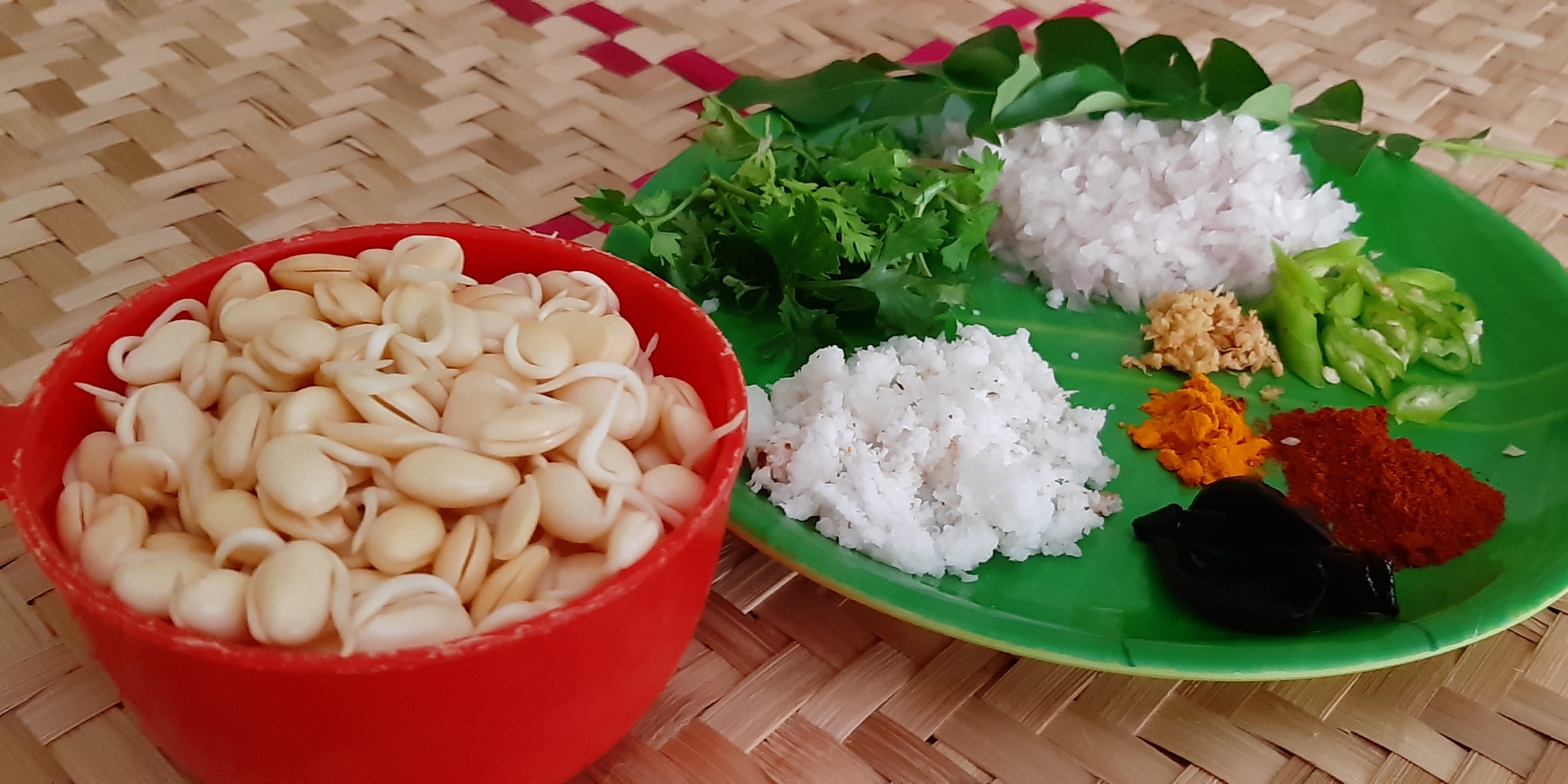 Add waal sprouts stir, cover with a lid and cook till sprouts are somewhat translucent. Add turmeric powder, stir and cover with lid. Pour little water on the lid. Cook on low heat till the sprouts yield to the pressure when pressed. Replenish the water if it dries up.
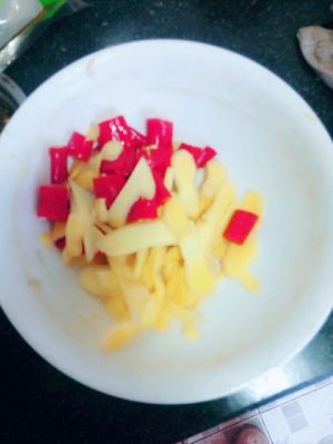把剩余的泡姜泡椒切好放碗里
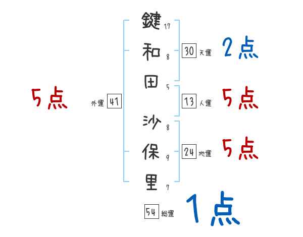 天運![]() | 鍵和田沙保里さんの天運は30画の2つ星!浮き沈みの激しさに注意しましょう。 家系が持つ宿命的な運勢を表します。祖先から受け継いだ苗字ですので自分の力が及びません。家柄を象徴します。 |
-=-=-=-=-
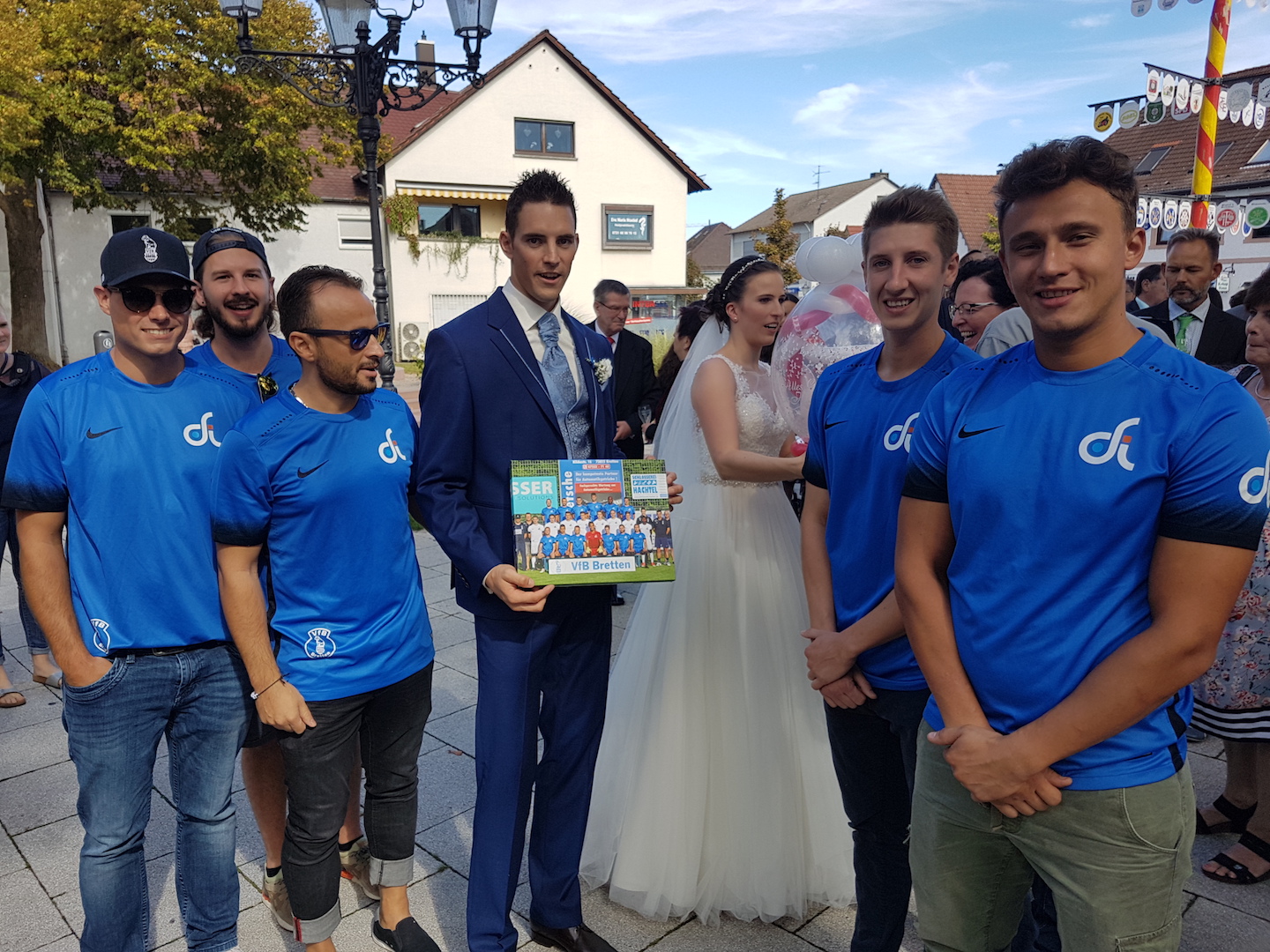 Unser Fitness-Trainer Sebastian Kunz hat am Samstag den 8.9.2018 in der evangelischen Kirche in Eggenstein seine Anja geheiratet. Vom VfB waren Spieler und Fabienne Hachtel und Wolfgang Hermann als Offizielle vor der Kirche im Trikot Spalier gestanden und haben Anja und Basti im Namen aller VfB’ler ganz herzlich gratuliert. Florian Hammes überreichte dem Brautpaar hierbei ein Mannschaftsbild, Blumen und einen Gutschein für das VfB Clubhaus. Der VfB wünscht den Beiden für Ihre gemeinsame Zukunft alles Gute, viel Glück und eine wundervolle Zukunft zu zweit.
-=-=-=-=-
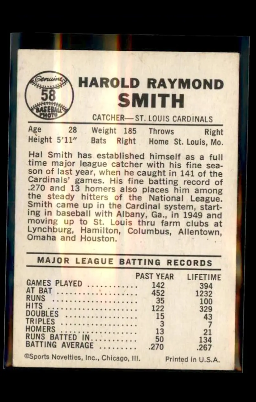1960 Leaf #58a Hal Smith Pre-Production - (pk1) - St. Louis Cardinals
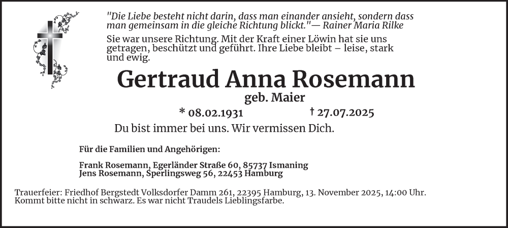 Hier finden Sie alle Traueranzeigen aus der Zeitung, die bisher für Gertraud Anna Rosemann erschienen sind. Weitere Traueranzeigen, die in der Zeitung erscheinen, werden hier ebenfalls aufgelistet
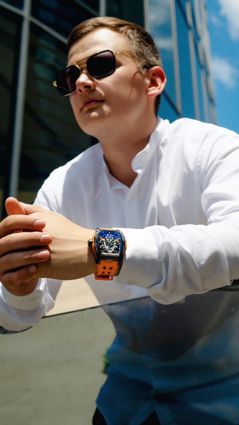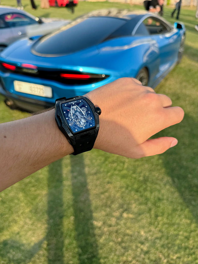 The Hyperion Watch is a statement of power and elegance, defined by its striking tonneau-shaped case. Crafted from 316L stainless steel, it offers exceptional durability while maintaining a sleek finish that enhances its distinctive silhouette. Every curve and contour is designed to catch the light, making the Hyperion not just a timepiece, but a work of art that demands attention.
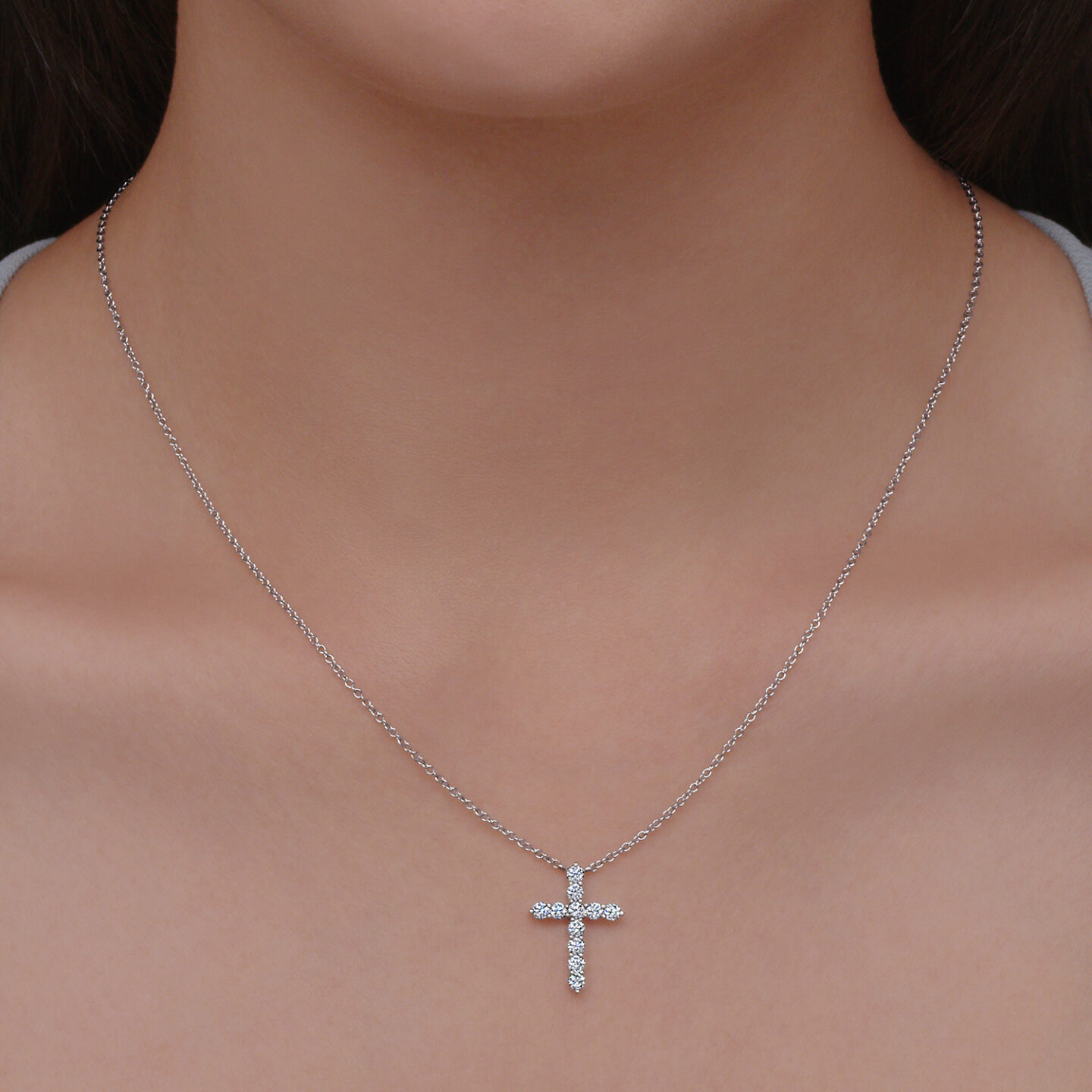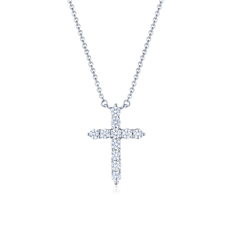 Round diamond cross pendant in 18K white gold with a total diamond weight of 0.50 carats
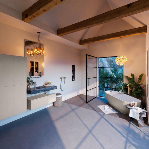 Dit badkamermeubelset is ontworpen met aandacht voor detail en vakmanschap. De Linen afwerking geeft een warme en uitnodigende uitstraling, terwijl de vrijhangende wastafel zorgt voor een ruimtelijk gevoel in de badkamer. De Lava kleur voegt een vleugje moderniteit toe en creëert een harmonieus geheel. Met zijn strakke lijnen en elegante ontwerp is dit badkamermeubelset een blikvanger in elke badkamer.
-=-=-=-=-
WHAT IS REQUIRED> Leaving all pictures out, output exactly the lines of the material above from the line with "Add waal sprouts" to the line with "把剩余的泡姜泡椒切好放碗里", both included.

SOLUTION TO THE EXERCISE>
 Add waal sprouts stir, cover with a lid and cook till sprouts are somewhat translucent. Add turmeric powder, stir and cover with lid. Pour little water on the lid. Cook on low heat till the sprouts yield to the pressure when pressed. Replenish the water if it dries up.
把剩余的泡姜泡椒切好放碗里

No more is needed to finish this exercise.